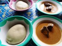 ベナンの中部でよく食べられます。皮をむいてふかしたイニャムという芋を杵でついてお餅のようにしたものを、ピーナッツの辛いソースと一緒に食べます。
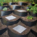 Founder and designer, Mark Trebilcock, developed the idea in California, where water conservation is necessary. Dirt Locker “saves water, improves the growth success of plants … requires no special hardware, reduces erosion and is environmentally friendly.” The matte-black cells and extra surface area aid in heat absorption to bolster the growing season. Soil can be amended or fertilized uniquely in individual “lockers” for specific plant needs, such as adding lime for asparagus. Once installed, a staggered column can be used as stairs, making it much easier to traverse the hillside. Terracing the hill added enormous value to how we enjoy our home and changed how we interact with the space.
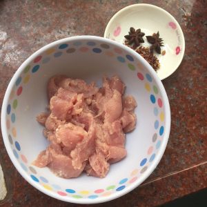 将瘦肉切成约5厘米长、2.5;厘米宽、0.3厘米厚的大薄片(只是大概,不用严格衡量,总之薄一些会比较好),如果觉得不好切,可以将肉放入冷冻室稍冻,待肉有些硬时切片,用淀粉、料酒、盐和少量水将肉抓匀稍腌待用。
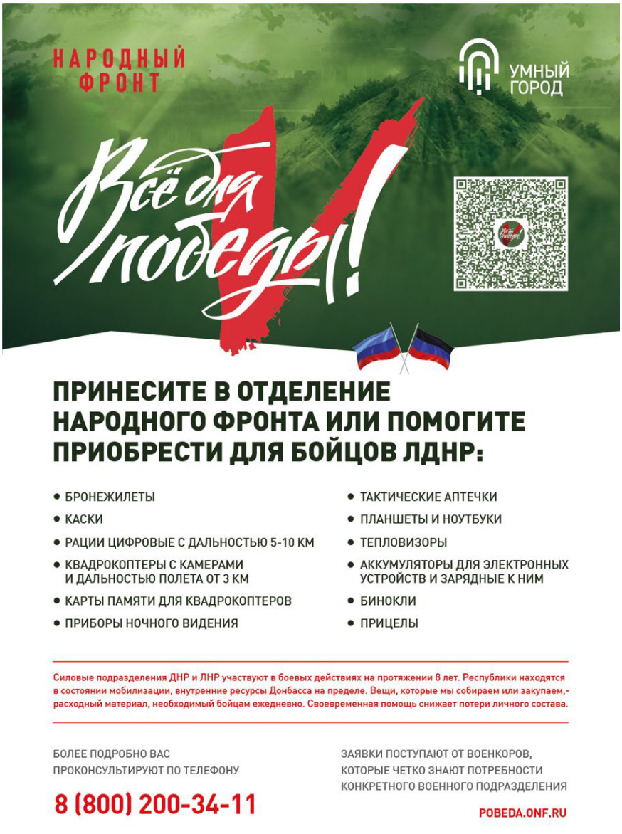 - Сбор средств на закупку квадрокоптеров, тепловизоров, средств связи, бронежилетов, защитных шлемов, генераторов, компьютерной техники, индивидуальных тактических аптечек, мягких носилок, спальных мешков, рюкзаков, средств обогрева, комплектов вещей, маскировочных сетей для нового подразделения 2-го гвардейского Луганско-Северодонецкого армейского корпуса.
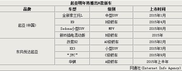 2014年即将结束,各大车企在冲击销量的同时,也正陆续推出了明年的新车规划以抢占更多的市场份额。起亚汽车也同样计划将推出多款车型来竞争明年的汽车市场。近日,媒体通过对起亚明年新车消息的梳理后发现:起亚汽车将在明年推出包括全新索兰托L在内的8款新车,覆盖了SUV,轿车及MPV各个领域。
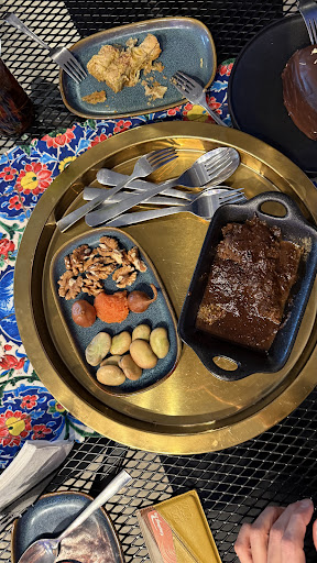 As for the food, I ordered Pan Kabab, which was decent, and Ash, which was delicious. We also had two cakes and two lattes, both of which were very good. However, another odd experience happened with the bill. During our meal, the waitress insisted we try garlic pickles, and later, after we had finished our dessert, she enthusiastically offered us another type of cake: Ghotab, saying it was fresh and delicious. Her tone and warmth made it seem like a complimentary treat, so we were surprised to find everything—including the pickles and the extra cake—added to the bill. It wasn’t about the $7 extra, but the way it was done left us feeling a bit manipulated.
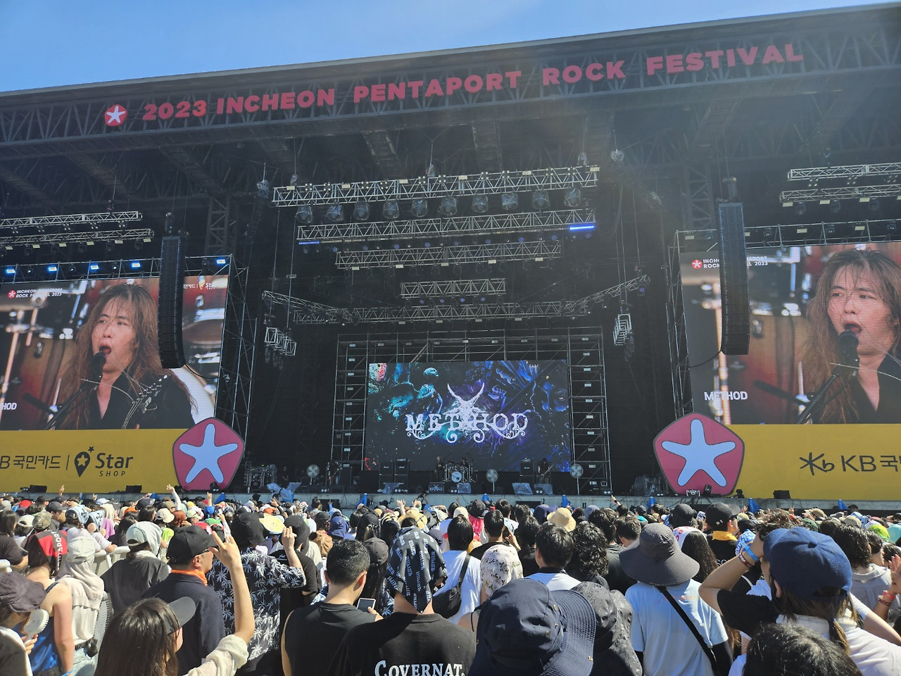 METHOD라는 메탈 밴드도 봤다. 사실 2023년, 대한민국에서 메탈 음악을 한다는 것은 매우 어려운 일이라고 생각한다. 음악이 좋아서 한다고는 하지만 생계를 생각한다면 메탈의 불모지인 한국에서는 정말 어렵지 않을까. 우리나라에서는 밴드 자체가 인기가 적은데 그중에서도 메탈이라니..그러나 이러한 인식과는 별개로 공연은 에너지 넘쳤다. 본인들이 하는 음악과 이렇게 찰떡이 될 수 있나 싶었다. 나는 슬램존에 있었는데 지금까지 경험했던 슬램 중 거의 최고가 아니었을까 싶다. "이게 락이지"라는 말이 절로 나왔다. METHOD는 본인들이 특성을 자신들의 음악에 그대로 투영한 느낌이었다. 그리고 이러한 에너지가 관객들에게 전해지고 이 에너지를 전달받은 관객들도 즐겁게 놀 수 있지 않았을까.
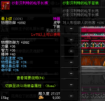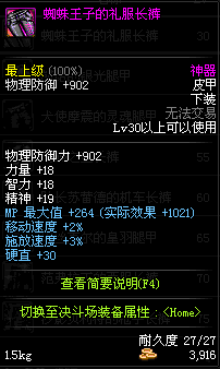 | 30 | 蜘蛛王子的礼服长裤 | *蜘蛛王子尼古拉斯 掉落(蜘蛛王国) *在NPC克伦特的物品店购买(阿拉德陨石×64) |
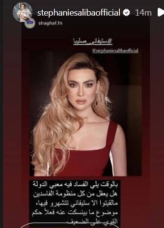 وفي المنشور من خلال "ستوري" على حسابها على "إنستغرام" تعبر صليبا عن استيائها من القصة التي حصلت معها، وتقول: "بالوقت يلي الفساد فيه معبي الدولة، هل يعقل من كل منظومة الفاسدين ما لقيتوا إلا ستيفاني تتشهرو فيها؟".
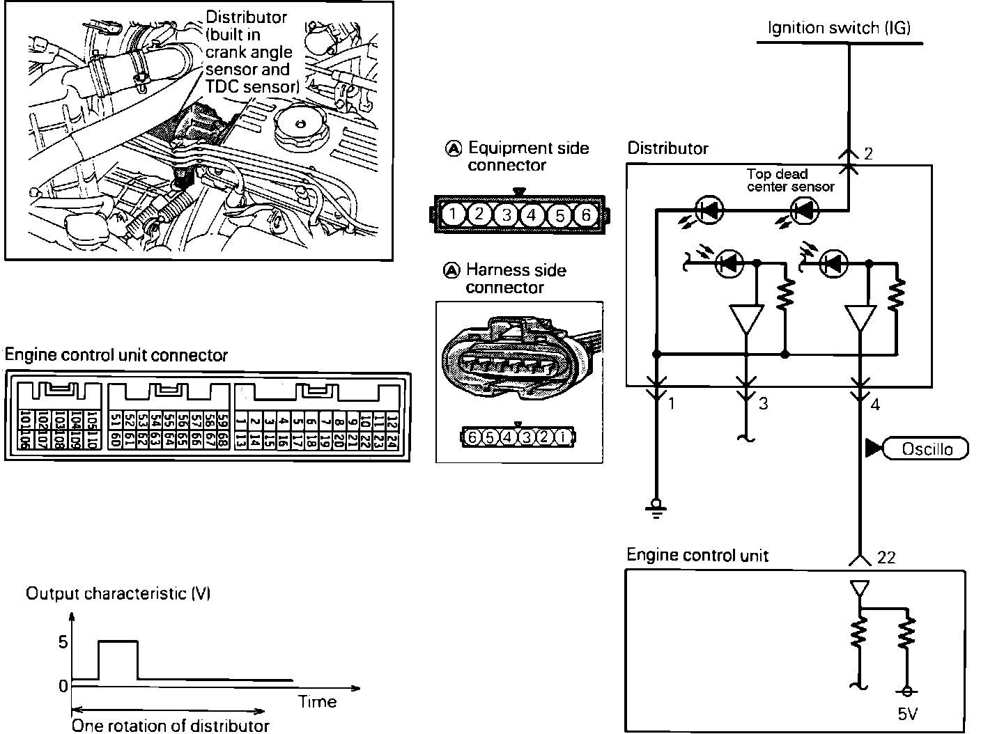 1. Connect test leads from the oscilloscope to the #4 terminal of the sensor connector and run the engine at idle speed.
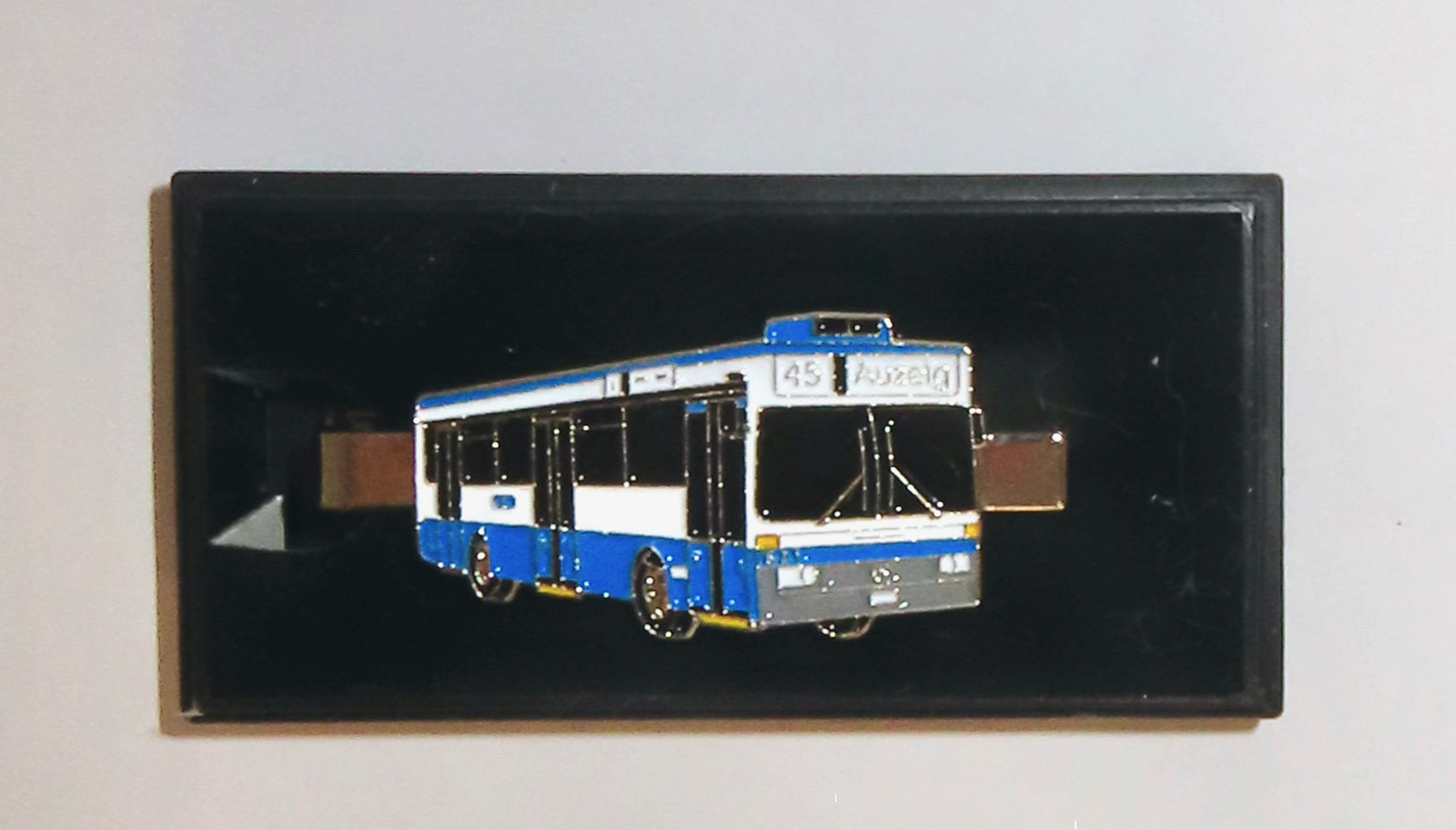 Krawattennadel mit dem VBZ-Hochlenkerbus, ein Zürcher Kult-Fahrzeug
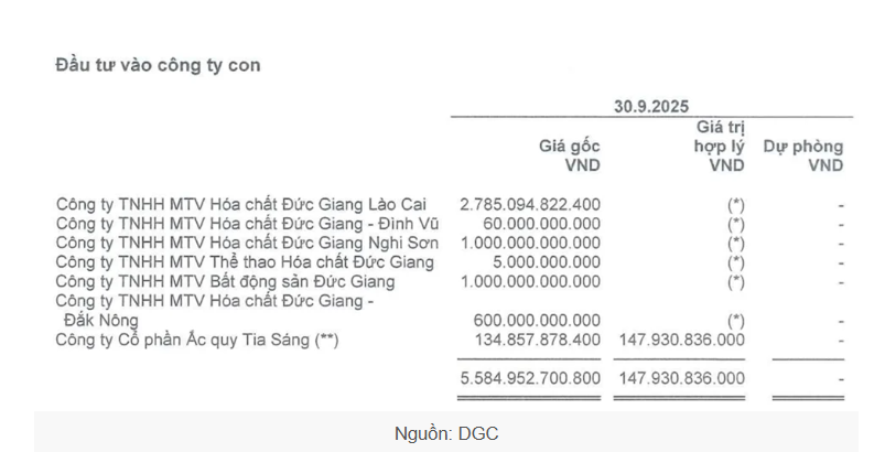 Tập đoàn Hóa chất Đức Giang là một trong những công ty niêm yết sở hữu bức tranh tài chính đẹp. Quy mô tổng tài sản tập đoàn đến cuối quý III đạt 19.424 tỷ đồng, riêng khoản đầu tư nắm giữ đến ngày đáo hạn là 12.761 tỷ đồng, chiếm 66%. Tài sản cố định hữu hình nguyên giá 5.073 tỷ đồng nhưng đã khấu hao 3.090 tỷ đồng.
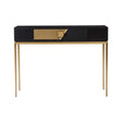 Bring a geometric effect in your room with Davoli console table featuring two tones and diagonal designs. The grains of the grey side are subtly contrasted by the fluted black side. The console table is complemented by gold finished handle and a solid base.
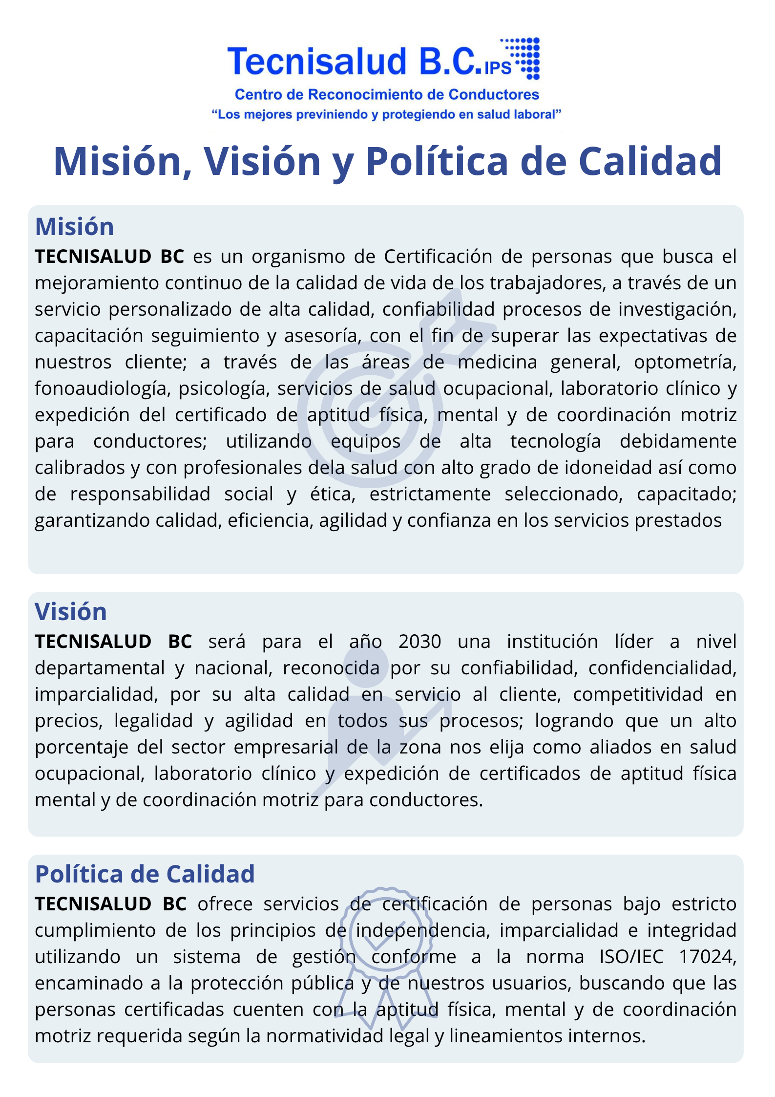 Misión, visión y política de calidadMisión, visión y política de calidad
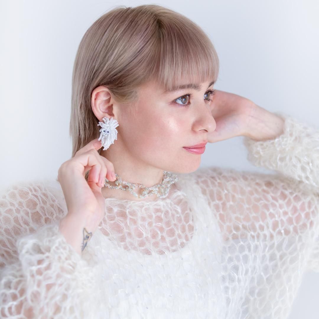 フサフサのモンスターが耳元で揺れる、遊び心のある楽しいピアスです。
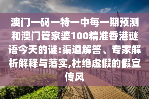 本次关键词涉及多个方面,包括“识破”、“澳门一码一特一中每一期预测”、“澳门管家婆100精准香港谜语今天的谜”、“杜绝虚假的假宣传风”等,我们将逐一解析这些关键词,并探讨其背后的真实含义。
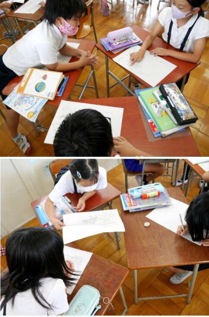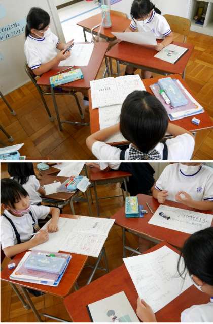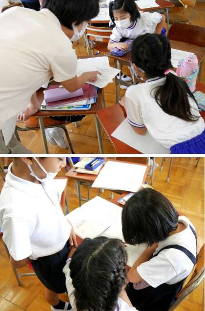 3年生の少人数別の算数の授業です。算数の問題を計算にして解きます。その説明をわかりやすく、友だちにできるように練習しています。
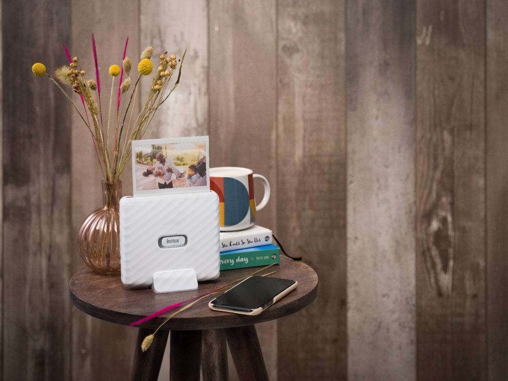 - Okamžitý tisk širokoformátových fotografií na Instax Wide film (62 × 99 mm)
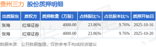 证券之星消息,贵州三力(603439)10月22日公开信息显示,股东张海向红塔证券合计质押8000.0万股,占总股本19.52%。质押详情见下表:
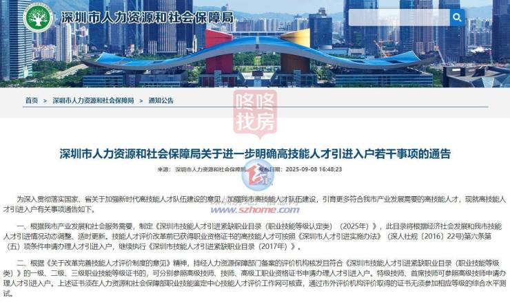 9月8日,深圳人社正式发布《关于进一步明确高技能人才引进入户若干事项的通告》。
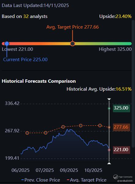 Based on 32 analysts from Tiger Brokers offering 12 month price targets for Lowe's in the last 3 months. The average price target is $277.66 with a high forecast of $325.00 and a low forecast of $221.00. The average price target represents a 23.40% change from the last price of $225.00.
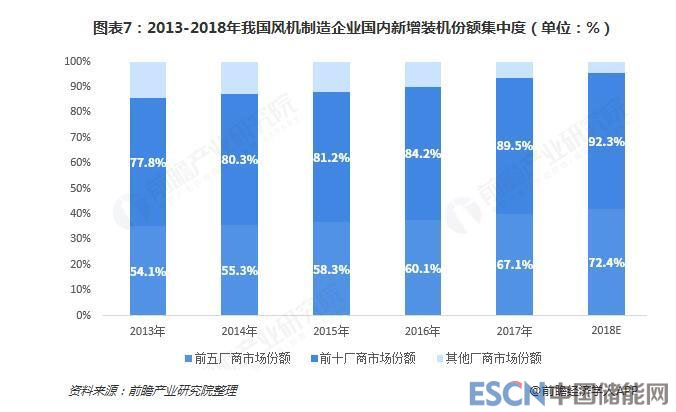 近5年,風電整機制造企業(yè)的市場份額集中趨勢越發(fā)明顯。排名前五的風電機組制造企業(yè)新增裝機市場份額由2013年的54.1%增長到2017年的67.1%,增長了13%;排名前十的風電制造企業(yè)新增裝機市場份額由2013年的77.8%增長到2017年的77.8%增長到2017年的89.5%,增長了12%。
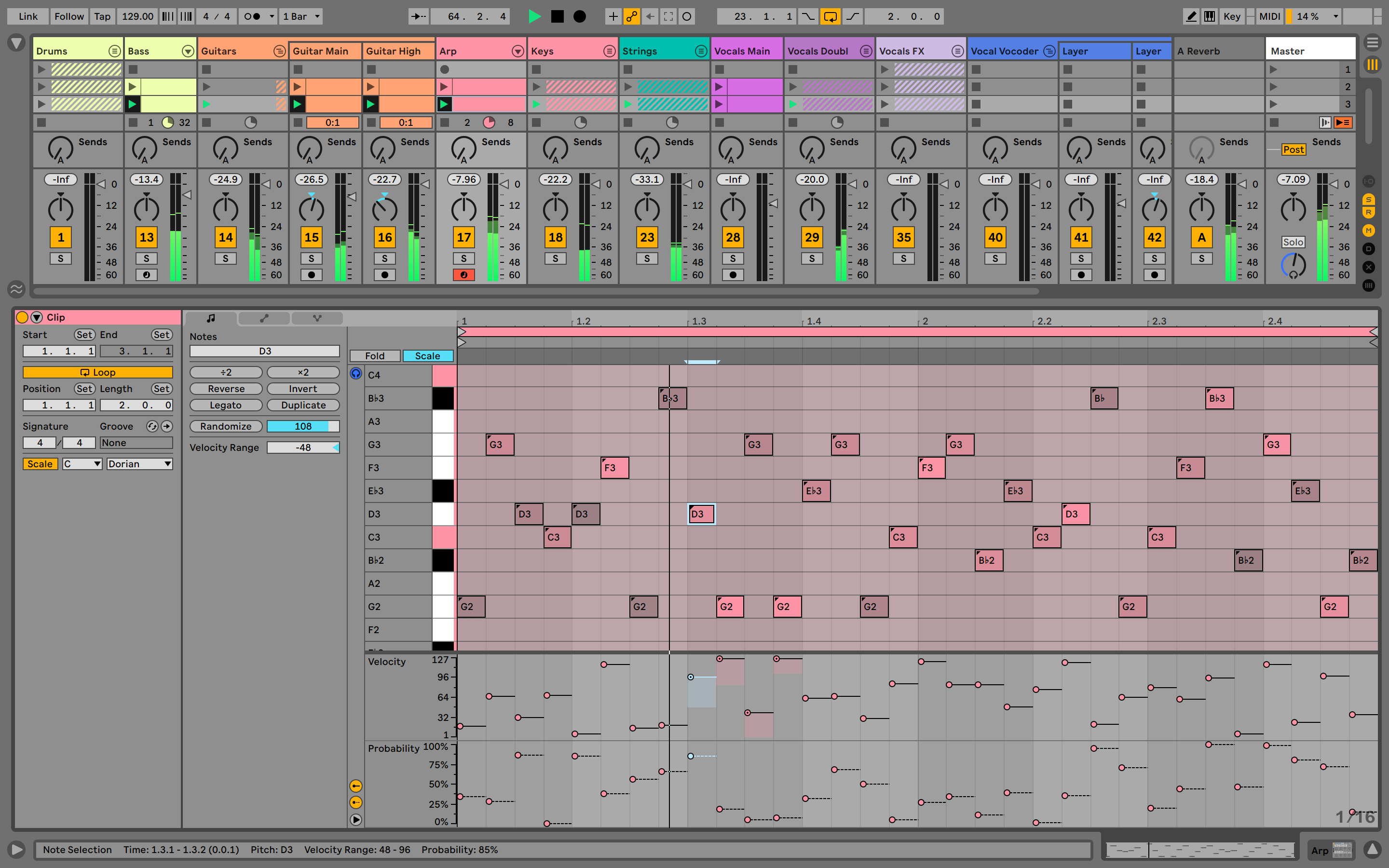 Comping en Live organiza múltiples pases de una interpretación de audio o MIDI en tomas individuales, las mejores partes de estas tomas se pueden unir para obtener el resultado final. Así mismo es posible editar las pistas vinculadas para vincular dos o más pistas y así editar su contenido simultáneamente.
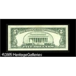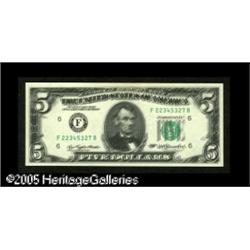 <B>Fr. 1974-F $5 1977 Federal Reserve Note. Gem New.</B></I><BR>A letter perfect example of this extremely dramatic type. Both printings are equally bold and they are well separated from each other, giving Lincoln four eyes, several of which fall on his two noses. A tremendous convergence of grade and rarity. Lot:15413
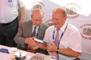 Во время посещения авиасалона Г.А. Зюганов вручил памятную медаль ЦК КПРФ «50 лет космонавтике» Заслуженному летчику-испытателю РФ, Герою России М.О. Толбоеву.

▶ **What to work on**
Given the listing above, repeat exactly the lines starting at the one with "本次关键词涉及多个方面,包括" and ending at the one with "9月8日,深圳人社正式发布《关于进一步明确高技能人才引进入户若干事项的通告》。", inclusive, excluding pictures.

▶ **Answer space**
 本次关键词涉及多个方面,包括“识破”、“澳门一码一特一中每一期预测”、“澳门管家婆100精准香港谜语今天的谜”、“杜绝虚假的假宣传风”等,我们将逐一解析这些关键词,并探讨其背后的真实含义。
 3年生の少人数別の算数の授業です。算数の問題を計算にして解きます。その説明をわかりやすく、友だちにできるように練習しています。
 - Okamžitý tisk širokoformátových fotografií na Instax Wide film (62 × 99 mm)
 证券之星消息,贵州三力(603439)10月22日公开信息显示,股东张海向红塔证券合计质押8000.0万股,占总股本19.52%。质押详情见下表:
 9月8日,深圳人社正式发布《关于进一步明确高技能人才引进入户若干事项的通告》。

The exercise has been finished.